Work required: Each line of the data below between the one containing "路口蹲踞两头怪兽,似猴似豹。" and the one containing "Upper gastrointestinal bleeding", both included, is to be repeated exactly. Please omit pictures.

Records for the exercise:
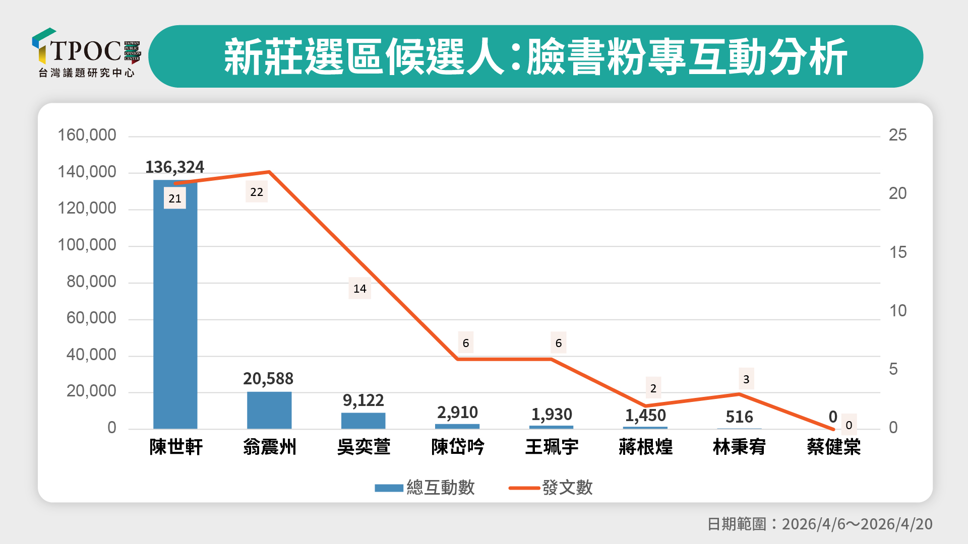 進一步分析幾位候選人在臉書粉專的社群數據可發現,陳世軒過去兩週共發布21則貼文,累積互動數達136,324次;相較之下,翁震州雖發布22則貼文,但互動數僅20,588次。整體來看,陳世軒的貼文在互動表現與擴散效果上皆明顯較為突出,其中以譴責柯文哲遭噴辣椒水事件相關貼文互動數最高,另持續更新橋梁與公園改建進度的貼文亦獲得廣泛回響。
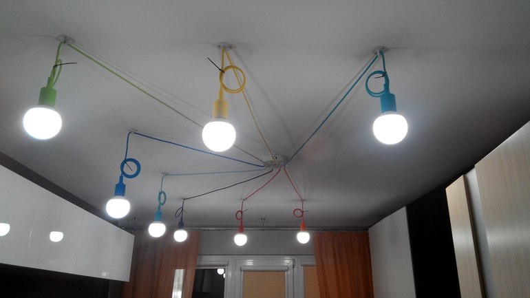 Все в комплекте было, те ссылки, которые Вы нашли - это на 1 шнурок и 1 лампу соотв :) Мы брали сразу ЛЮСТРУ на 8 шнурков, под чашей они все соединены. Лампы да, светодиодные. БОЛЬШИЕ :)))) обрыли весь Минск, везли в итоге под заказ. С маленькими лампочками вид будет совсем не тот.
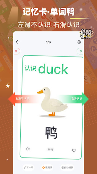 单词鸭是一款将英语单词学习与游戏机制融合的应用,通过“消消乐”和“数独”等趣味玩法,让背单词过程变得轻松有趣。可在滑动匹配、拼词闯关中自然掌握词汇,摆脱传统死记硬背的枯燥感,支持自建词库,能根据个人需求生成专属记忆卡片与游戏关卡。
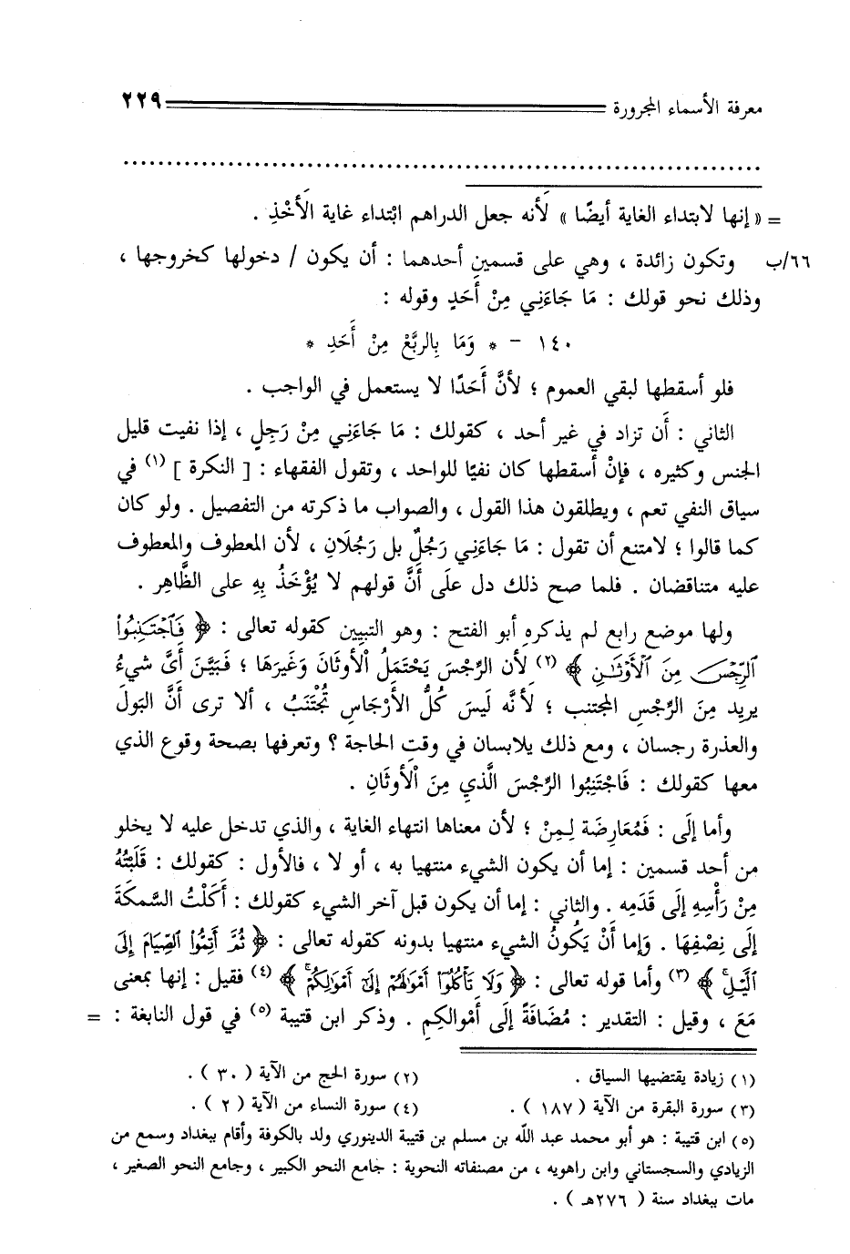 66/ب وتكون زائدة, وهي على قسمين أحدهما: أن يكون/ دخولها كخروجها, وذلك نحو قولك: ما جاءني من أحد وقوله:
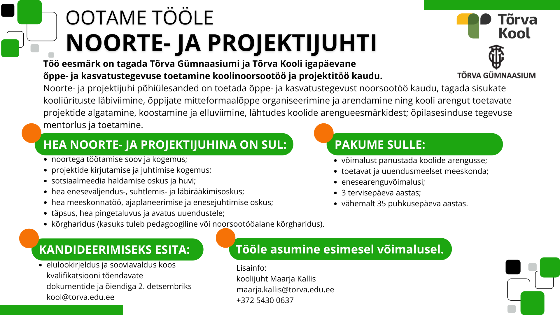 Kui tunned, et see kutsub Sind, või tead kedagi, kes meile Tõrva ideaalselt sobiks, anna julgelt märku!
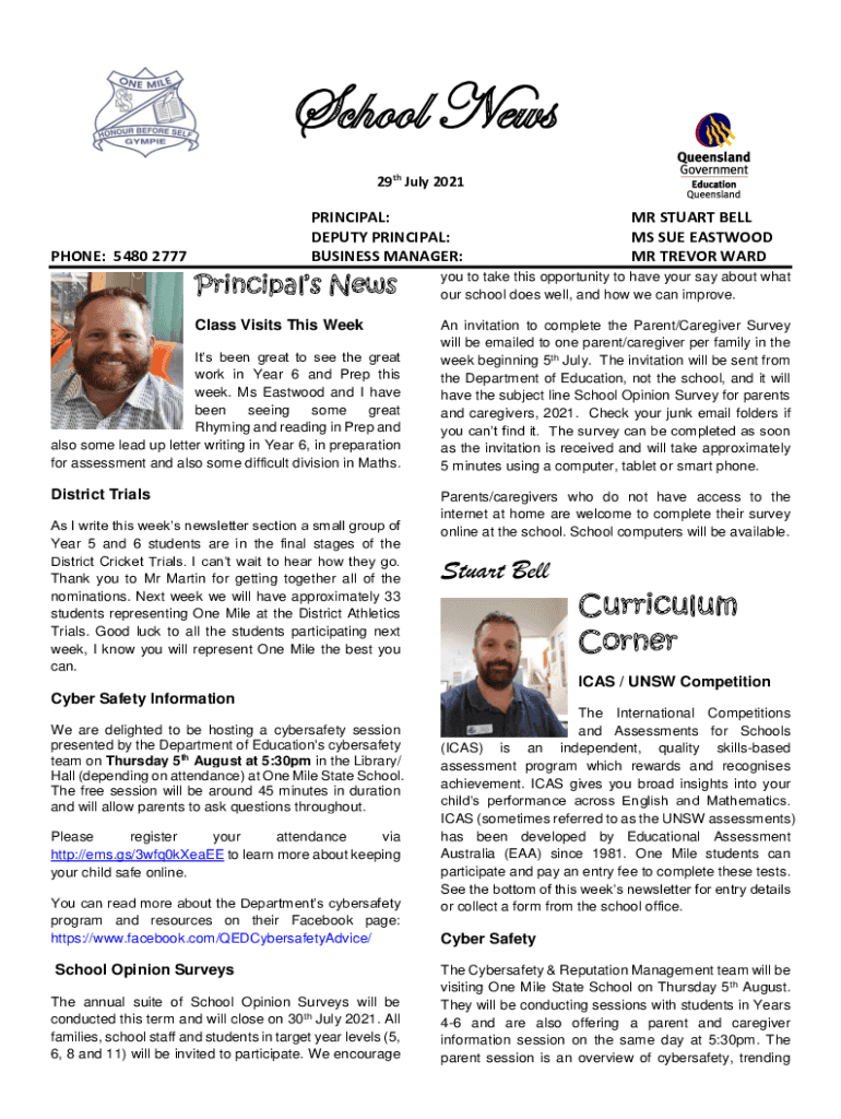 School News 29th July 2021PRINCIPAL: DEPUTY PRINCIPAL: BUSINESS MANAGER:PHONE: 5480 2777MR STUART BELL MS SUE EASTWOOD MR TREVOR WARDPrincipals News you to take this opportunity to have your say about
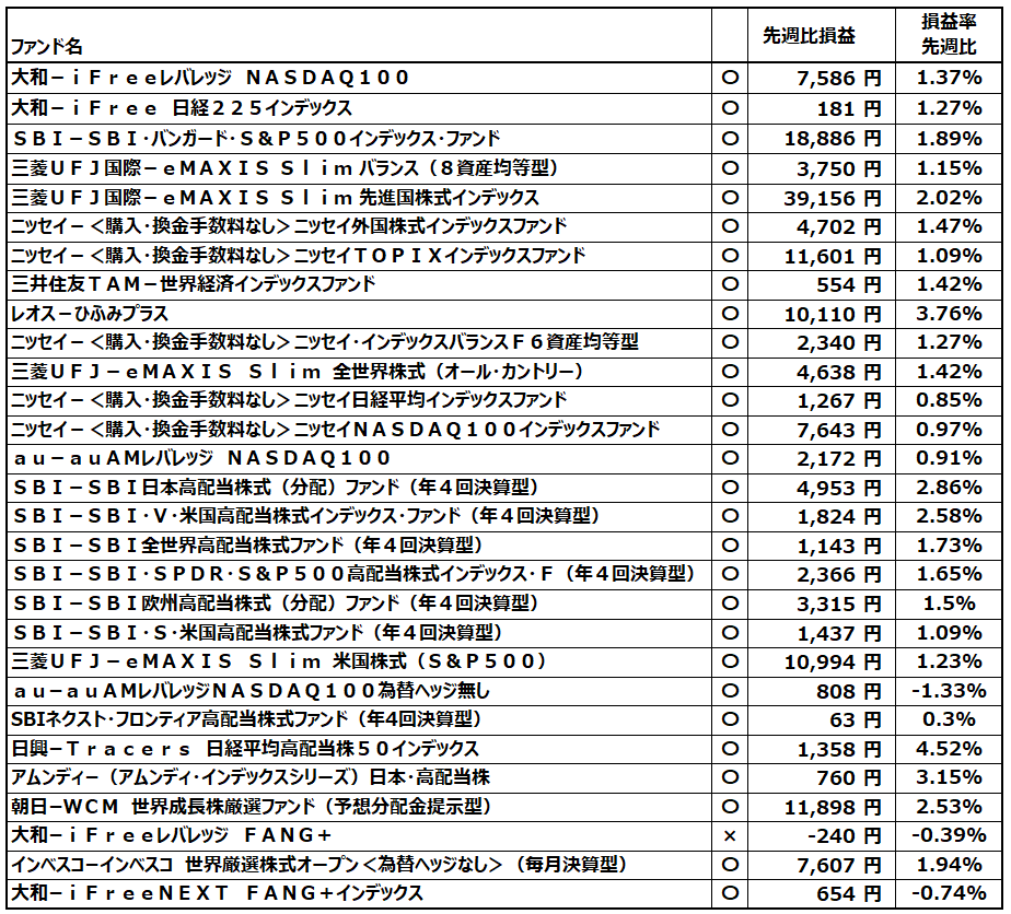 今回はレバFANG以外のファンドは勝ちです。FANG+も上がっているので、レバの方は下落からの立ち上がりに出遅れているからでしょう。週末の下落が反映されてもう一段下がるとは思いますが、レバナスの結果から考えるとFANG+が期待値を達成できる限り、レバFANGも長期的には利益が伸びると思っています
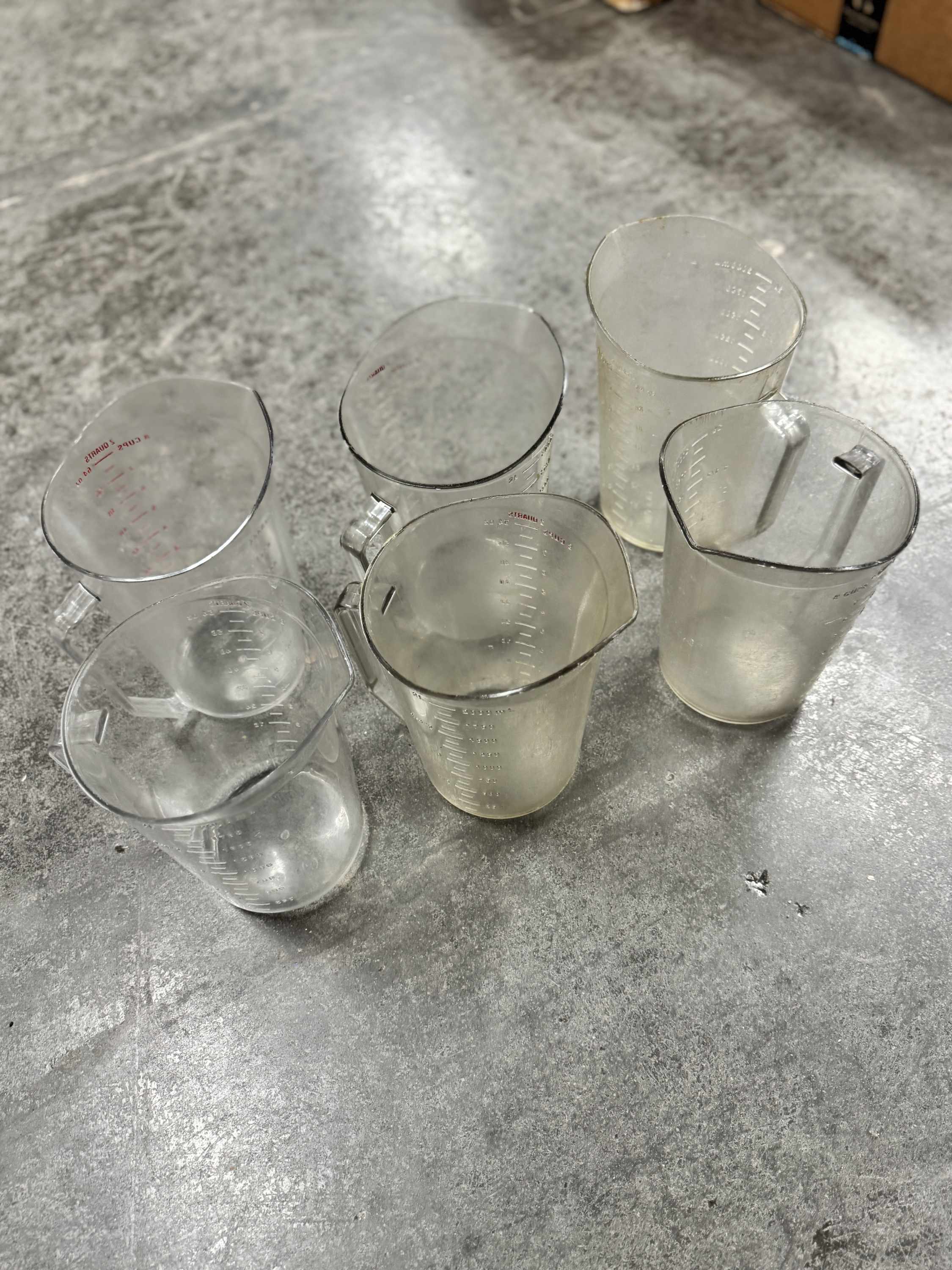 Item:Six 1 Quart Measuring Pitchers
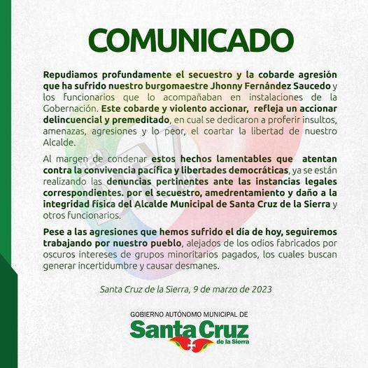 Municipio cruceño emite Comunicado oficial de rechazo a las agresiones contra el alcalde Fernández
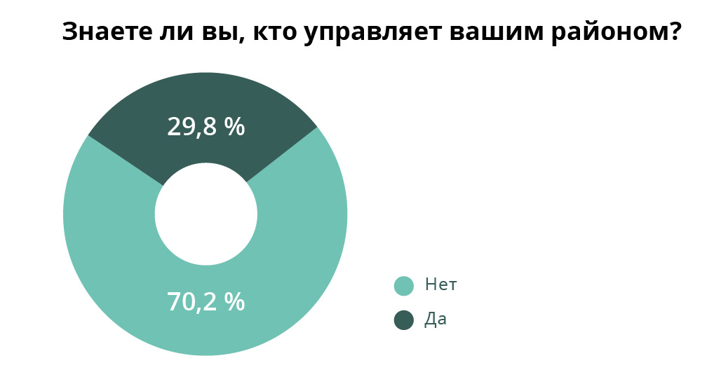 Чтобы измерить вовлеченность горожан в политическую жизнь своего района, отдел исследований задал вопрос «Знаете ли вы, кто управляет вашим районом?» Только 30 % всех респондентов ответили утвердительно. Чаще районную администрацию знают жители Приморского, Петроградского, Московского и Кировского районов. В этот список не попали центральные районы — Адмиралтейский и Центральный.
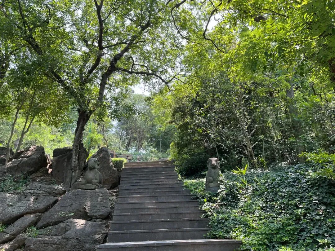 路口蹲踞两头怪兽,似猴似豹。
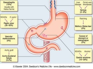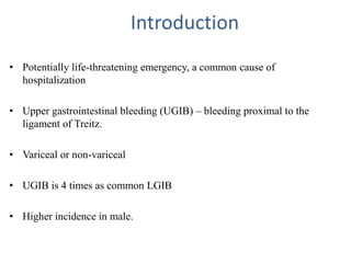 Upper gastrointestinal bleeding (UGIB) is a potentially life-threatening emergency caused by bleeding in the esophagus, stomach, or duodenum. Common causes include esophageal/gastric varices, ulcers, cancers, and esophagitis. Signs include hematemesis, melena, and hematochezia. Initial treatment involves stabilizing the patient, identifying the source of bleeding through endoscopy, and administering treatments like band ligation, injection therapy, or anti-secretory drugs. Surgery may be required for persistent or recurrent bleeding after other measures fail.
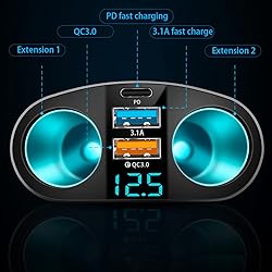 【QC3.0 Fast Charger & 5 in 1 Car Charger】: This car charger converts your car cigarette lighter from 1 socket to 2 sockets, in addition to it has 2 USB ports and a type-C port. Quick Charge 3.0 Make the device power reach more than 95% within one hour, making it ideal for charging multiple devices at the same time. It will play an important role in your journey with your family and friends. 【360 Degree Swiveling Head】: This car charger is suitable for all kinds of model cigarette lighters, can be adjusted 360 degrees, and has an ultra-convenient design to provide greater efficiency and convenience for your car. It can reduce equipment wear and extend its service life. This splitter is not bulky and it's a nice sleek design. 【LED Voltage Display】: Intelligent real-time voltage detection and LED screen display, timely monitoring of your car battery, to avoid the situation of running out of power and so on. If the voltage of the car is 11.6~14.8V, it means that the voltage is in the normal range. If the voltage is lower than 11.6V, it means that the voltage is too low and the vehicle needs to be checked. If the voltage is higher than 14.8V, the voltage is too high. 【Easy to Install】: The smart chip provides multiple safety protections to effectively reduce problems such as short circuit or overload. This car charger can provide temperature protection, overcurrent protection, short circuit protection, overcharge protection, etc. Furthermore, it has a good heat dissipation function, which can maintain a certain temperature after a long time of charging. 【Wide Compatibility】: Cigarette lighter is suitable for 12-24V vehicles, suitable for dashcam, car charger, smart phone, car electronic dog, etc. It also boasts a wireless design, flexible rotation, plug and play, stable and non-slip installation, and charging without interruption even on bumpy roads.

Answer space:
 路口蹲踞两头怪兽,似猴似豹。
 Upper gastrointestinal bleeding (UGIB) is a potentially life-threatening emergency caused by bleeding in the esophagus, stomach, or duodenum. Common causes include esophageal/gastric varices, ulcers, cancers, and esophagitis. Signs include hematemesis, melena, and hematochezia. Initial treatment involves stabilizing the patient, identifying the source of bleeding through endoscopy, and administering treatments like band ligation, injection therapy, or anti-secretory drugs. Surgery may be required for persistent or recurrent bleeding after other measures fail.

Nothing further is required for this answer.